------ DATA EXCERPT ------

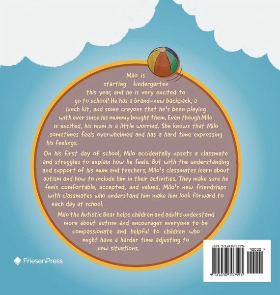Milo is starting kindergarten this year, and he is very excited to go to school! He has a brand-new backpack, a lunch kit, and some crayons that he's been playing with ever since his mummy bought them. Even though Milo is excited, his mum is a little worried. She knows that Milo sometimes feels overwhelmed and has a hard time expressing his feelings. On his first day of school, Milo accidentally upsets a classmate and struggles to explain how he feels. But with the understanding and support of his mum and teachers, Milo's classmates learn about autism and how to include him in their activities. They make sure he feels comfortable, accepted, and valued. Milo's new friendships with classmates who understand him make him look forward to each day at school. Milo the Autistic Bear helps children and adults understand more about autism and encourages everyone to be compassionate and helpful to children who might have a harder time adjusting to new situations.
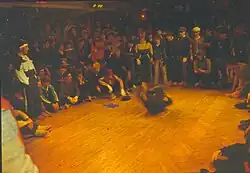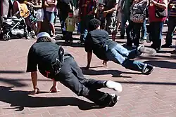 Breakdancing consists mainly of four kinds of movement—toprock, footwork, power moves, and freezes—and is typically set to songs containing drum breaks, especially in funk, soul, and hip-hop. Its modern dance elements originated among the poor youth of New York during the 1970s and early 1980s.[5] It is tied to the birth of hip-hop, whose DJs played songs featuring rhythmic breaks for dancers.[6]
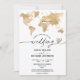 Vous organisez votre mariage dans une destination romantique ? Invitez vos invités avec ce magnifique faire-part avec une carte du monde en or et votre destination personnalisée marquée avec le cœur mobile.

------

Write the listing above out again word for word, excluding all images.

Milo is starting kindergarten this year, and he is very excited to go to school! He has a brand-new backpack, a lunch kit, and some crayons that he's been playing with ever since his mummy bought them. Even though Milo is excited, his mum is a little worried. She knows that Milo sometimes feels overwhelmed and has a hard time expressing his feelings. On his first day of school, Milo accidentally upsets a classmate and struggles to explain how he feels. But with the understanding and support of his mum and teachers, Milo's classmates learn about autism and how to include him in their activities. They make sure he feels comfortable, accepted, and valued. Milo's new friendships with classmates who understand him make him look forward to each day at school. Milo the Autistic Bear helps children and adults understand more about autism and encourages everyone to be compassionate and helpful to children who might have a harder time adjusting to new situations.
 Breakdancing consists mainly of four kinds of movement—toprock, footwork, power moves, and freezes—and is typically set to songs containing drum breaks, especially in funk, soul, and hip-hop. Its modern dance elements originated among the poor youth of New York during the 1970s and early 1980s.[5] It is tied to the birth of hip-hop, whose DJs played songs featuring rhythmic breaks for dancers.[6]
 Vous organisez votre mariage dans une destination romantique ? Invitez vos invités avec ce magnifique faire-part avec une carte du monde en or et votre destination personnalisée marquée avec le cœur mobile.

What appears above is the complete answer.